Image augmentations used during training are critical for image classifier generalization performance. As a result, a considerable amount of research has concentrated on determining the best augmentation policy for a given job. RandAugment, a simple random augmentation policy, recently outperformed more advanced approaches. Only Adversarial AutoAugment, a method based on adversarial training, has proven to be superior to RandAugment.
In this blog, we will discuss that random augmentation are still competitive when compared to an optimal adversarial approach and simple curricula, and we hypothesize that Adversarial Auto Augments success is due to the stochasticity of the policy controller network, which introduces a mild form of curriculum.
Introduction
The data augmentations utilized during training can have a significant impact on the effectiveness of a deep vision model. These augmentations for natural photos may be classified as geometric (e.g., horizontal flips, translations), colour (e.g., histogram equalisation), and distortion (e.g., random cropping, or random grey painting of image sections, usually referred to as Cutout).
A significant amount of study has gone into determining the best augmentation policy, which decides the type and size of augmentation to utilise at a specific training point. To mention a few, novel techniques include reinforcement learning, Bayesian optimization, and evolutionary algorithms. While these strategies exceeded previous handmade augmentation baselines, they were eventually surpassed by RandAugment, a simple random augmentation strategy. The lone exception is Adversarial AutoAugment, which employs an adversarial strategy to direct the search for the best augmentation policy and surpasses RandAugment substantially. However, it is unknown how adversarial the policies used by Adversarial AutoAugment are; so, the issue remains: can adversarial augmentations genuinely help?
Image Augmentation Using an Adversarial Approach
The primary idea of Adversarial AutoAugment is to discover augmentations that result in "hard" samples as defined by training loss. Learning from challenging cases, according to the premise, should drive the model to acquire more robust characteristics. The optimization goal is transformed into a min-max problem:
where D represents the training set, x represents a sample with label y, w represents the model parameters, fw() represents the model output, L(fw()) represents the loss function, and S represents the collection of all accessible augmentations (as in AutoAugment). In the inner maximisation (i.e., find the most adversarial policies), the maximisation is solved by introducing a controller augmentation policy network that, given the losses produced by the main model, is trained to output probabilities p1,...,p|S| for each τ1, . . . , τ|S|, so that the maximisation is solved in expectation:
where P(·, θ) is defined by the controller policy network output with parameters θ.
An Adversarial Strategy
For computational considerations, the magnitudes are set to 5 rather than 10, and the search space of the operations is limited to 15. We start with a batch size of 128 and employ a multiplicity of M = 1 and M = 2, which means we supplement each batch with one or two operations. This training lasts 200 epochs and reports the greatest test accuracy overall training epochs averaged across five runs. We employ a warm-up of 10 epochs with no augmentation, Nesterov optimizer, batch-norm momentum of 0.1, and weight decay of 5e-4.

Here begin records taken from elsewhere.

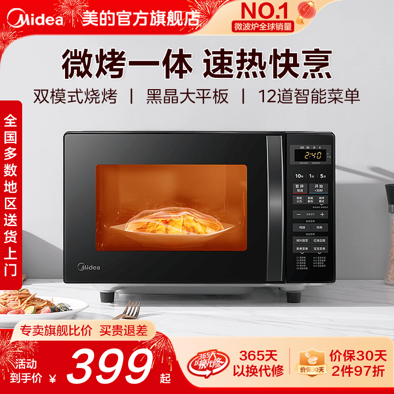 政府补贴换新美的微波炉家用小型平板微烤一体烤箱官方正品L201B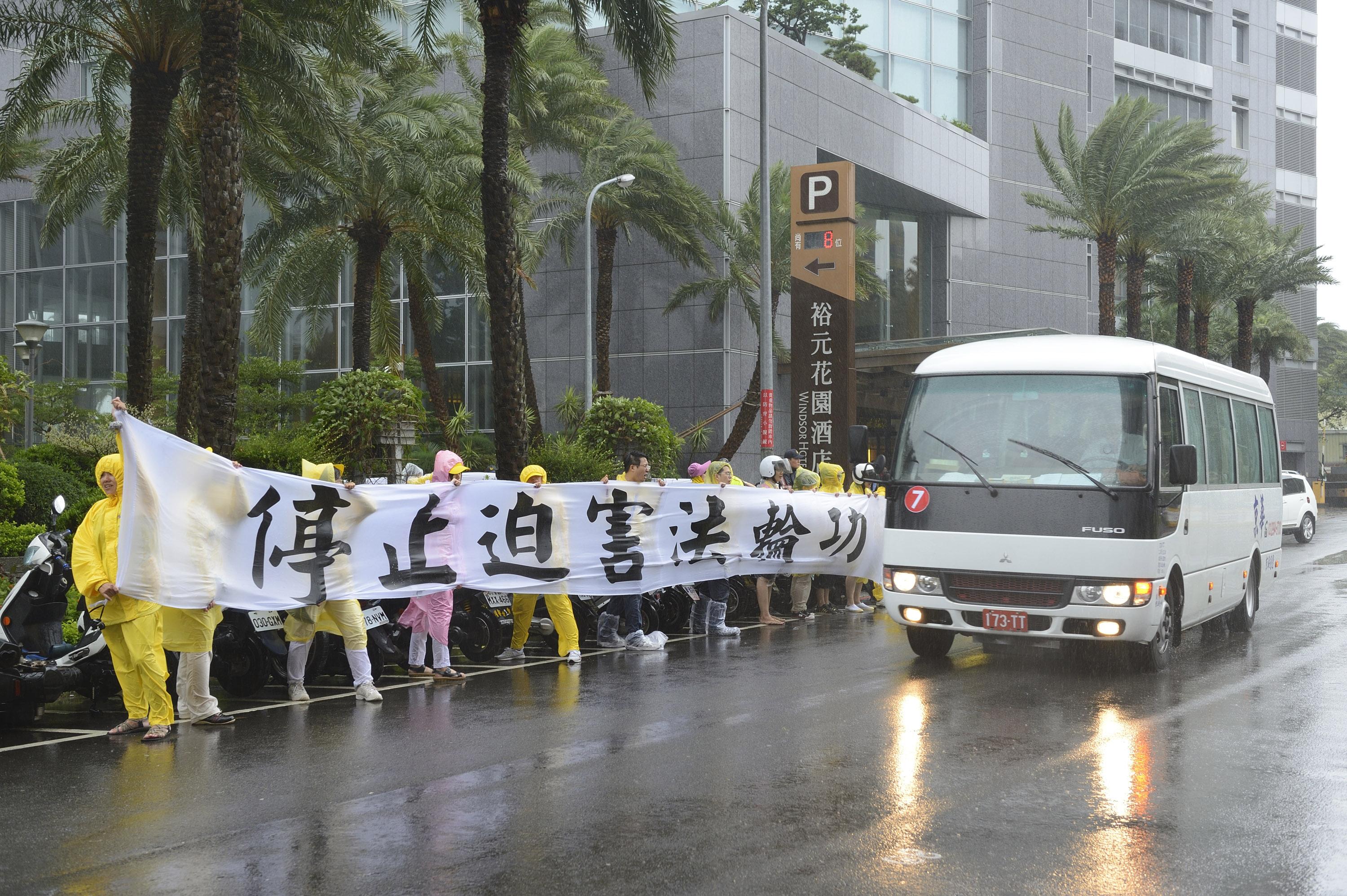 ![]() 二十三日台风袭台,强卫车队至台中市裕元花园酒店,法轮功学员顶着强风暴雨拉着横幅告诉强卫:“停止迫害法轮功。” |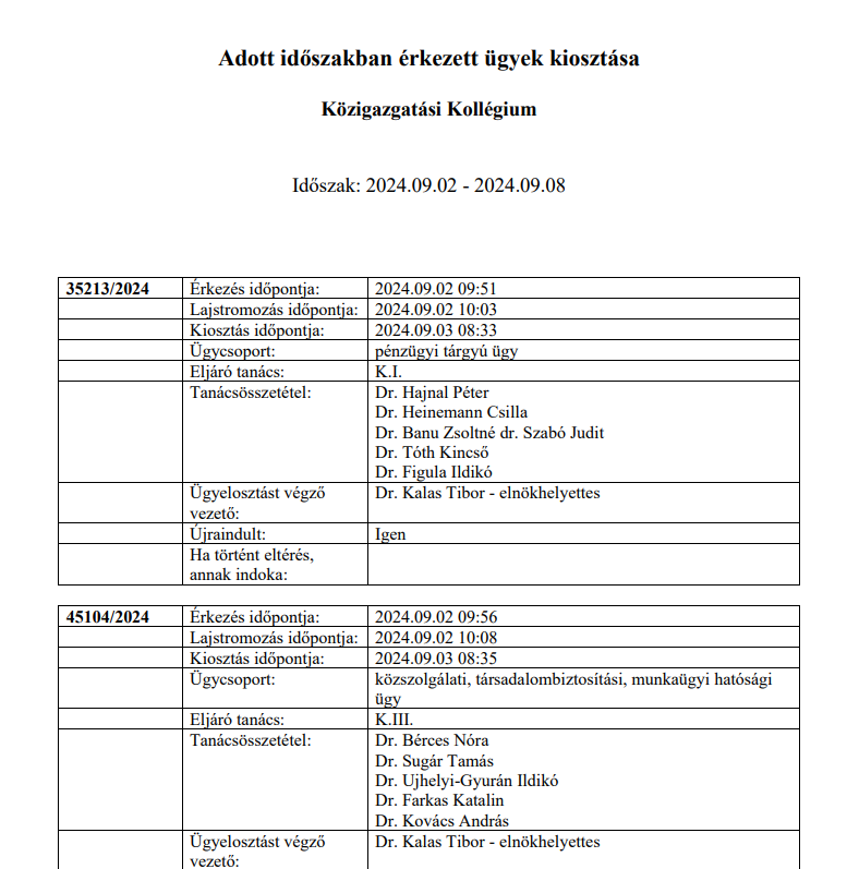 A cél tehát az volt, hogy objektív, előre meghatározott feltételek szerint osszák ki az ügyeket, és ez követhető legyen mindenki számára. Az előbbit elvileg bonyolult mechanizmusokon és kijelölési szabályokon keresztül az ügyelosztási rend biztosítja (ha valaki érez magában kellő elszántságot, itt találja az aktuálisat). Utóbbit pedig az, hogy 2023 júniusától a Kúria honlapján elkezdték közzétenni az ügyérkezéseket az ügyszám, az érkezés és a kiosztás napjával, illetve a tanács megjelölésével. Ez akkor még több sebből vérzett, például a pontos óra és perc megjelölése nélkül nem volt ellenőrizhető, hogy egy adott ügyet érkezési sorrendben osztottak-e ki.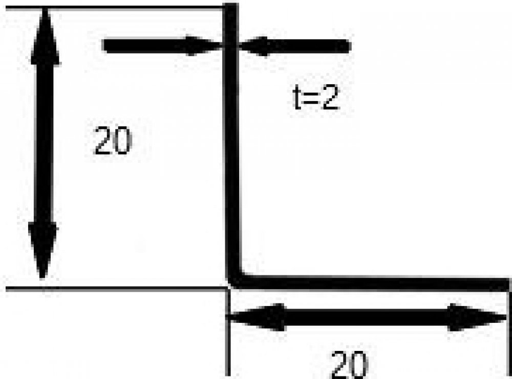 Profil L 20 x 20 x 2 mm Profil otevřený svařovaný černý L 20x20x2 mm . Profily řežeme i pod úhlem. Výška profilu 20 mm Šířka profilu 20 mm Tloušťka stěny 2,0 mm Hmotnost 0,56 kg/m Jakost S235JR L profil otevřený 20x20x2 ocelový
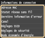 <Infos. Connex.>, puis sélectionnez le paramètre à afficher.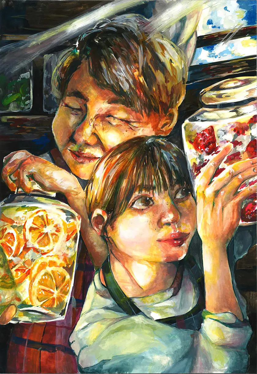 この審査の結果、最も優れた作品として文部科学大臣賞が中学生2名に授与されました。絵画部門の受賞者は、千葉県鎌ケ谷市在住の中学3年生、山口心花さんの「祖母とシロップ」となりました。心花さんの作品は、毎年おばあちゃんと一緒に作る果物のシロップの思い出を描いており、その色使いや描写からは、温かい家族の絆が感じられます。審査員からは、「油絵のような精密さで描かれている」と高い評価を得ています。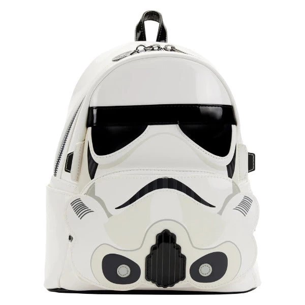 Blast through your day with the help of a Star Wars Stormtrooper with this Stormtrooper Lenticular Cosplay Mini Backpack. The backpack, which includes a zipped front pocket, takes the shape of a Stormtrooper’s white helmet and face. A lenticular screen placed in the eyewear reveals, in an alternate view, Hans Solo, Chewbacca, and Princess Leia. An embroidered Stormtrooper symbol appears on the back.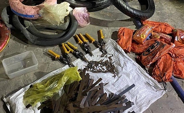 Mở rộng điều tra, cơ quan chức năng phát hiện thêm tại tiệm sửa xe của Quang có trên 500 đinh sắt hình thoi nhọn và gần 400 thanh kim loại rộng khoảng 2cm dùng để cắt thành đinh nhọn.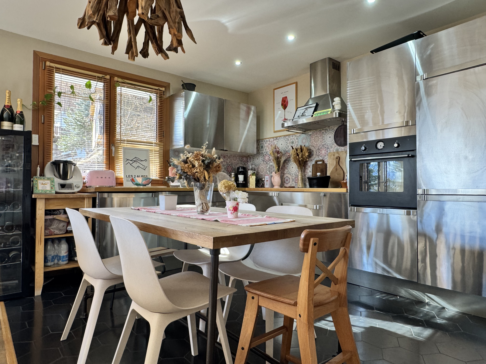 L’appartement réserve également des surprises qui font toute la différence : un garage fermé de 18 m², avec un accès direct de l’appartement, un luxe rare aux Deux Alpes.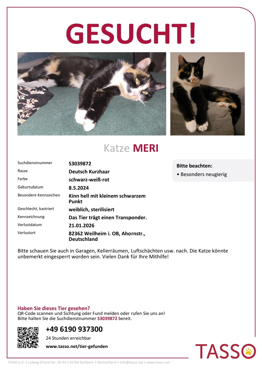 Vermisste & gefundene Katzen in Weilheim in oberbayern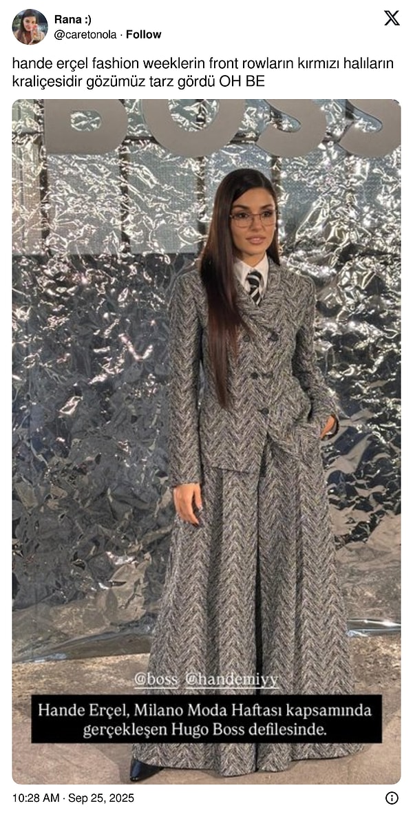 İddialı bir Hugo Boss grubu giyen Hande Erçel’in alışık olduğumuzdan daha farklı, daha Kore havasında bir usule bürünmesi dikkat çekti.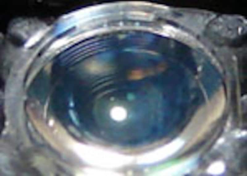 ■クリーニングの仕組み DVDを再生するだけで、レンズのホコリや汚れを落とせるのは何故か? 不思議に思われる方も多いでしょう。 写真のように、DVDから「毛」が生えているような仕組みになっていて、この「毛」がレンズ(ピックアップ)の上を通過する際、レンズをクリーニングしてくれるという訳です。 <クリックして拡大> |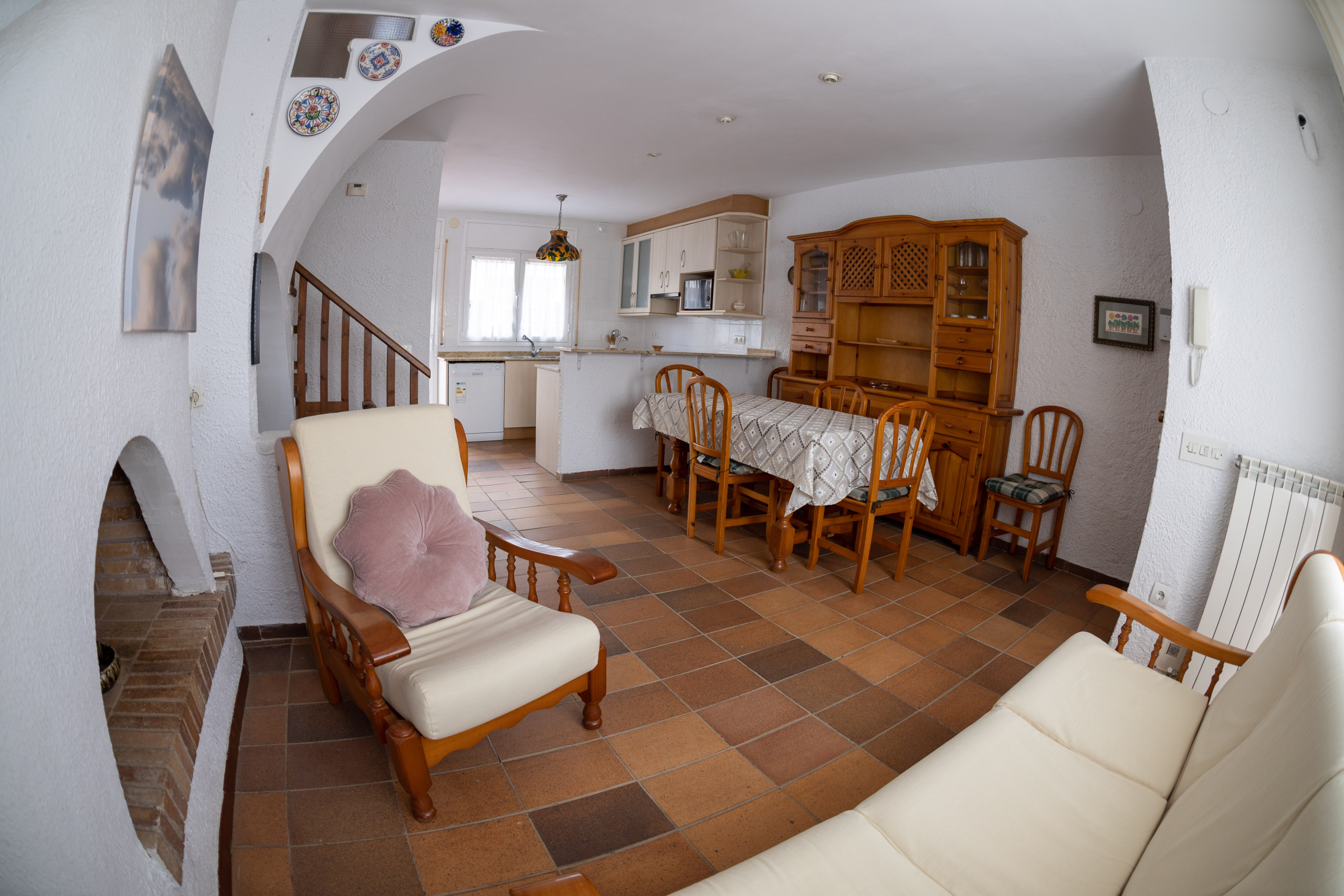 La cocina americana está completamente equipada con electrodomésticos modernos, incluyendo nevera, congelador, lavadora, lavavajillas, microondas, horno, cafetera y menaje completo. Es ideal para preparar comidas familiares y disfrutar de momentos gastronómicos juntos.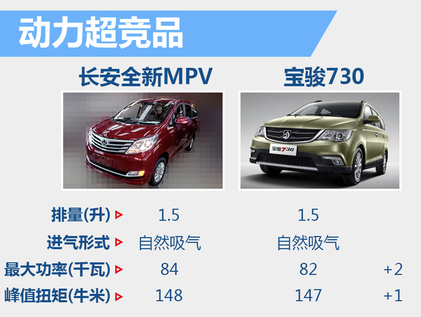 动力方面,新车有望搭载与欧尚相同的1.5升发动机,最大功率为84千瓦,峰值扭矩为148牛米。与发动机匹配的是一台5速手动档变速箱。宝骏730同样搭载一台1.5升发动机,最大功率82千瓦,峰值扭矩147牛米。长安新MPV将相比宝骏730动力小幅领先。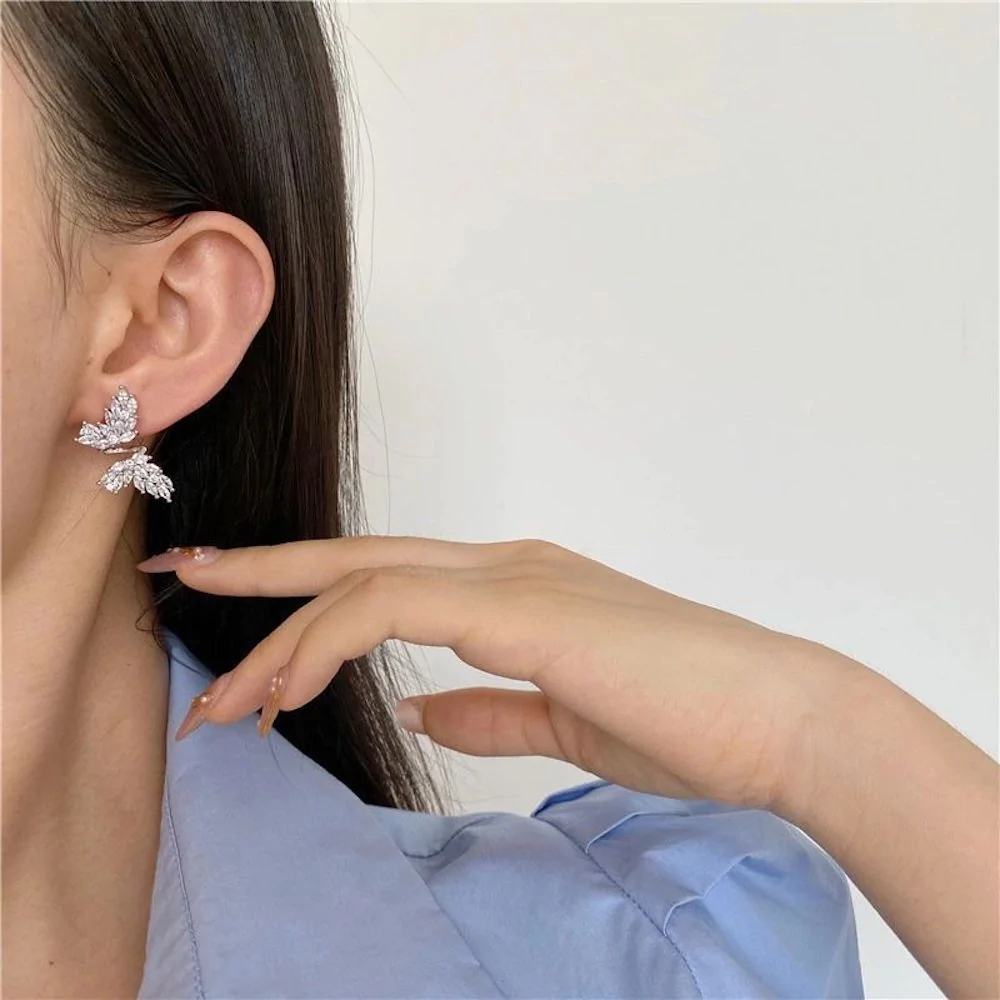 - UNIQUE DESIGN: Butterfly earrings are worth having for every woman. The Butterfly Earrings inlaid with cubic zirconia. They shine in the sunshine. Wearing these large butterfly earrings makes your match more personalized.

Removing the Controller Augmentation Policy Network Training's Stochasticity
Let τ ∗ = τj be the best solution to the inner maximization problem for some j ≤ |S|
TrueAdv is an experiment in which the empirical loss on the complete training set and all policies is assessed at the conclusion of each epoch in order to determine the true value of τ*. As a result, we analyze all training points N and each policy τ ∈ S.
TrueAdv is really detrimental to generalisation since it reduces test set accuracy across all data sets and multiplicities examined. Using random augmentations is not only more economical in terms of computing, but also broader. This begs the question, "Why don't learned rules exhibit the same behavior while attempting to solve an objective whose exact answer decreases generalisation performance?"
This is because policy network training is stochastic.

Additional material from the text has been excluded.